Secondo quanto previsto dal comma 1 dell’articolo 9 della Legge n. 175 del 2021, con accordo da stipulare in sede di Conferenza permanente per i rapporti tra lo Stato, le Regioni e le Province Autonome, sentiti il Comitato e il Centro nazionale per le malattie rare, è approvato, ogni tre anni, il Piano Nazionale per le Malattie Rare, con il quale sono definiti gli obiettivi e gli interventi pertinenti nel settore delle malattie rare. Lo scorso 10 luglio, la Direzione Generale della Programmazione del Ministero della Salute ha provveduto e presentato l’aggiornamento del Piano Nazionale delle Malattie Rare (PNMR) 2022-2024. Il precedente era ormai scaduto nel 2016. Questo secondo Piano, a contrario del precedente, è dotato di un finanziamento specifico pari a 50 milioni di euro: 25 milioni per il 2023 e i restanti 25 per il 2024.
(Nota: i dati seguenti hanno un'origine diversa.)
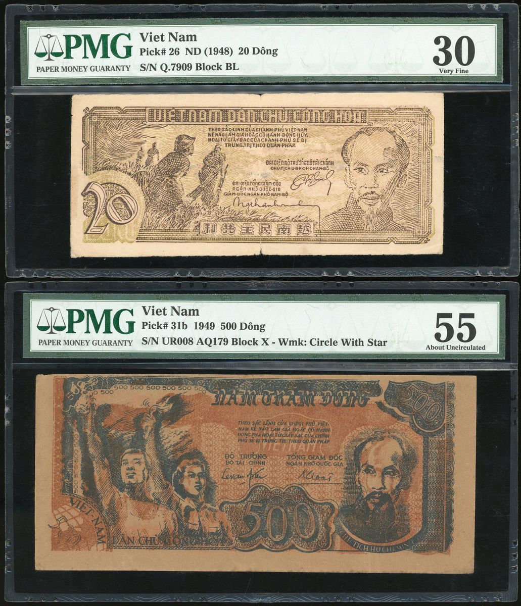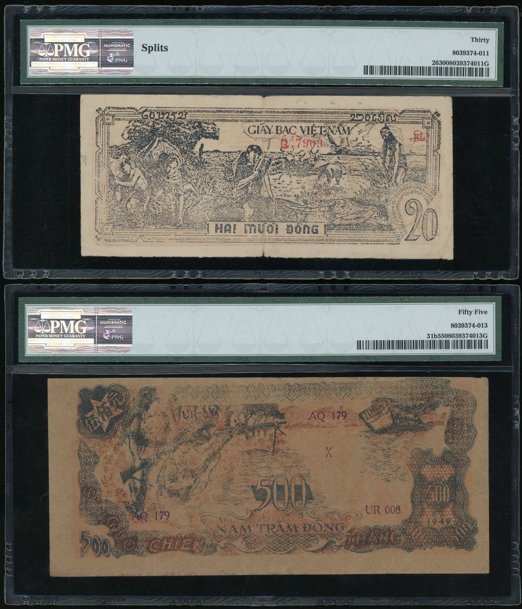 Vietnam, a pair, including 20 dong ND (1948), and 500 dong 1949, (Pick 26, 31b), PMG 30 (splits) and 55 respectively (2)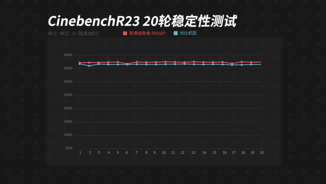 在连续20轮Cinebench R23多核压力测试中,拯救者R9000P的得分曲线表现得相当平稳,持续高输出的前提下几乎没有出现因温度或功耗限制导致的明显下滑。这说明其在散热设计和功耗调度方面,已经针对高负载场景进行了较为成熟的平衡。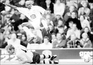 El camerunés Salomón Olembe, del Leeds United, salta ante la marca de Martin Taylor, del Blackburn Rovers FOTO REUTERS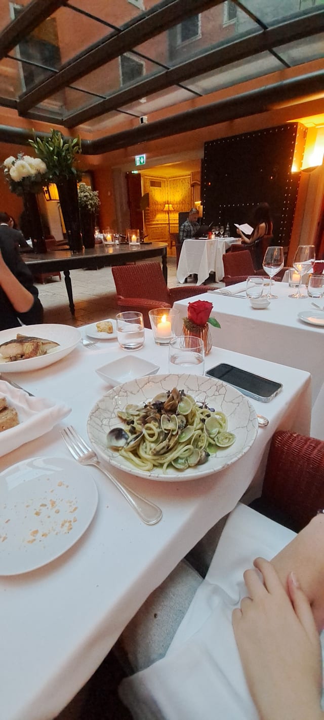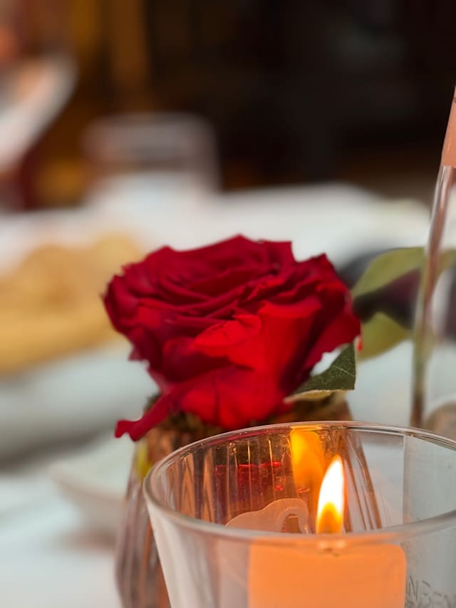 10/10A lovely table adorned with red roses and candles, with a glass ceiling offering a view of the outside. The winter vegetable antipasto with cream sauce was absolutely delightful.
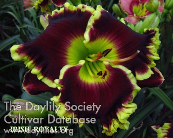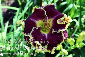 | Description : Charcoal black purple with long ribbing on petals, ruffled dark yellow gold edging above a green throat. | |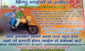 New Delhi: In what may stoke controversy, a poster warning against ‘Love Jihad’ appeared in the premises of the BJP’s national headquarters in Delhi on Monday.

Il PNMR rappresenta uno strumento di programmazione e pianificazione centrale, valido per i prossimi tre anni; una cornice comune degli obiettivi istituzionali da implementare, contenente una serie di indicazioni per l’attuazione e l’implementazione dei Livelli Essenziali di Assistenza.
Nel VII Rapporto Annuale di OSSFOR è stato pubblicato un approfondimento di Fortunato Nicoletti, Vicepresidente di Nessuno è escluso ODV aderente al Tavolo Tecnico dell’Alleanza Malattie Rare – AMR, che ha approfondito la lettura del Piano e analizzato quali sono i punti di forza dello stesso e quali invece non solo le criticità e le debolezze, ma anche le questioni ancora aperte, come per esempio la totale integrazione dei servizi sanitari, psicosociali e socioassistenziali.
Le prime due cose che in assoluto possiamo sottolineare sono:
- la mancanza di decreti attuativi;
- la terminologia usata in tutto il PNMR basata sui termini: assicurare, implementare, promuovere, migliorare, organizzare, prevedere, monitorare e altri, che destano una certa preoccupazione in quanto sia le azioni che gli strumenti ad oggi non permettono di intravedere quali iniziative di adeguata concretezza possano essere messe in campo per migliorare la vita delle persone.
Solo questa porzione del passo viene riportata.